Hanna was a president of the Louisiana Automobile Dealers Association, which in 1977 named him the "Automobile Dealer of the Year". The company was well known for the popular sales slogan, "You Can Afford a Hanna Ford," which was intended to attract moderate-income buyers. The company no longer exists.

Public career

Hanna was the first Shreveport mayor under the mayor-council home-rule city charter, which replaced the former commission city government. He was also the first mayor in decades not serving in public office at the time of his election. He recruited nationally and secured exceptional people to serve in municipal government. Many noted that Hanna did not seem really interested in "politics". Such an attitude made it appear that he did not like being mayor, and he did not run for a second term in 1982.

Hanna promoted the decision to construct Interstate 49 through northwestern Louisiana. During his tenure, General Motors located a plant in Shreveport which later closed. Ground was broken for Expo Hall, and the stadium at the Louisiana Fair Grounds, location of the annual state fair, became the renovated Independence Stadium, at which numerous football teams, including Louisiana Tech University, occasionally played games. Some two weeks after becoming mayor, Hanna presented to legendary actor John Wayne, then in the last year of his life, the second annual "Spirit of Independence" Award, as part of the ceremonies at the annual Independence Bowl in Independence Stadium. He was succeeded as mayor by his fellow Democrat, the attorney John Brennan Hussey.

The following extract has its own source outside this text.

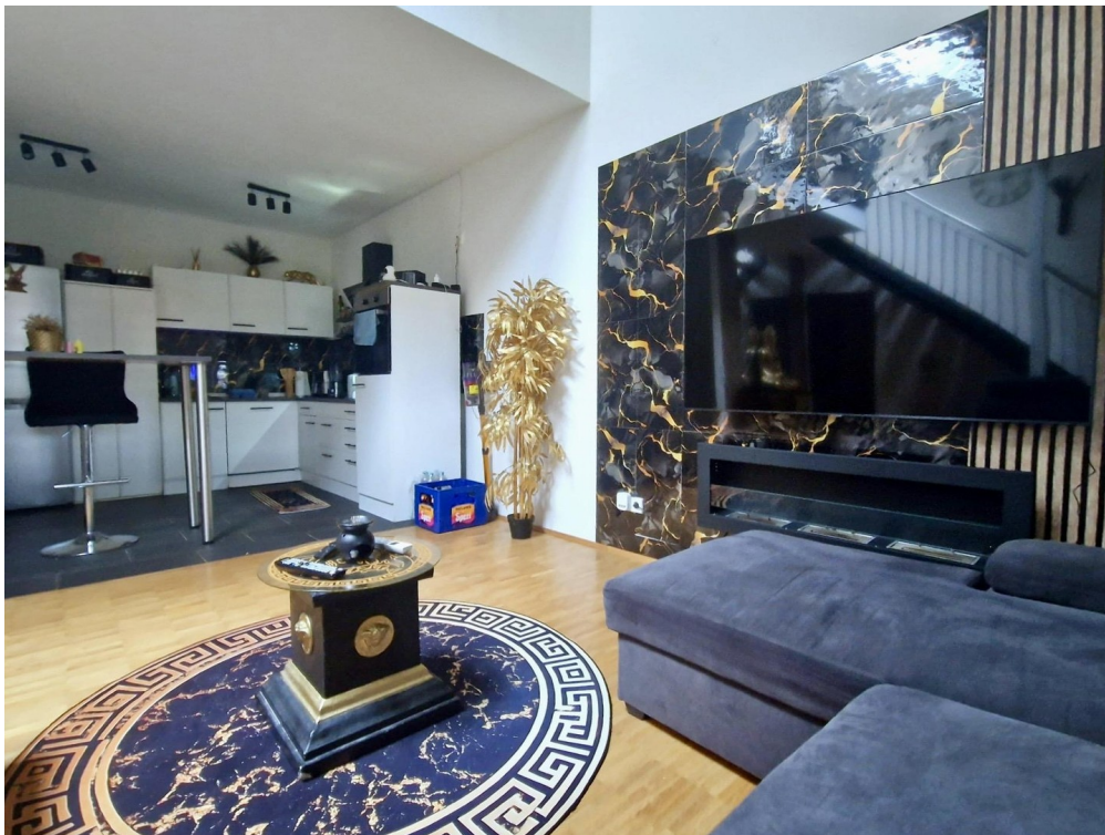
Wohnen / Küche

In 1994, twelve years after his stint as mayor, Hanna joined the Caddo Parish government as the director of building and grounds and later served as the director of operations and as assistant administrator. In June 1998, he was named Caddo Parish administrator, comparable to county judge in most other states. He was the administrator until his retirement in 2006. In this capacity, he helped to resolved the disputed boundary with neighboring Bossier Parish, which impacted revenues collected from boats docked in the Red River. He brought the three major governmental headquarters together to the downtown Government Plaza building, helped to establish the Northwest Louisiana Veterans Cemetery, built a Chimp Haven in Shreveport, and devised an emergency cell phone program for the handicapped and elderly.

Personal life
Hanna had one sibling, his brother, Kenneth George "Ken" Hanna (born 1939), who also worked in the automobile business.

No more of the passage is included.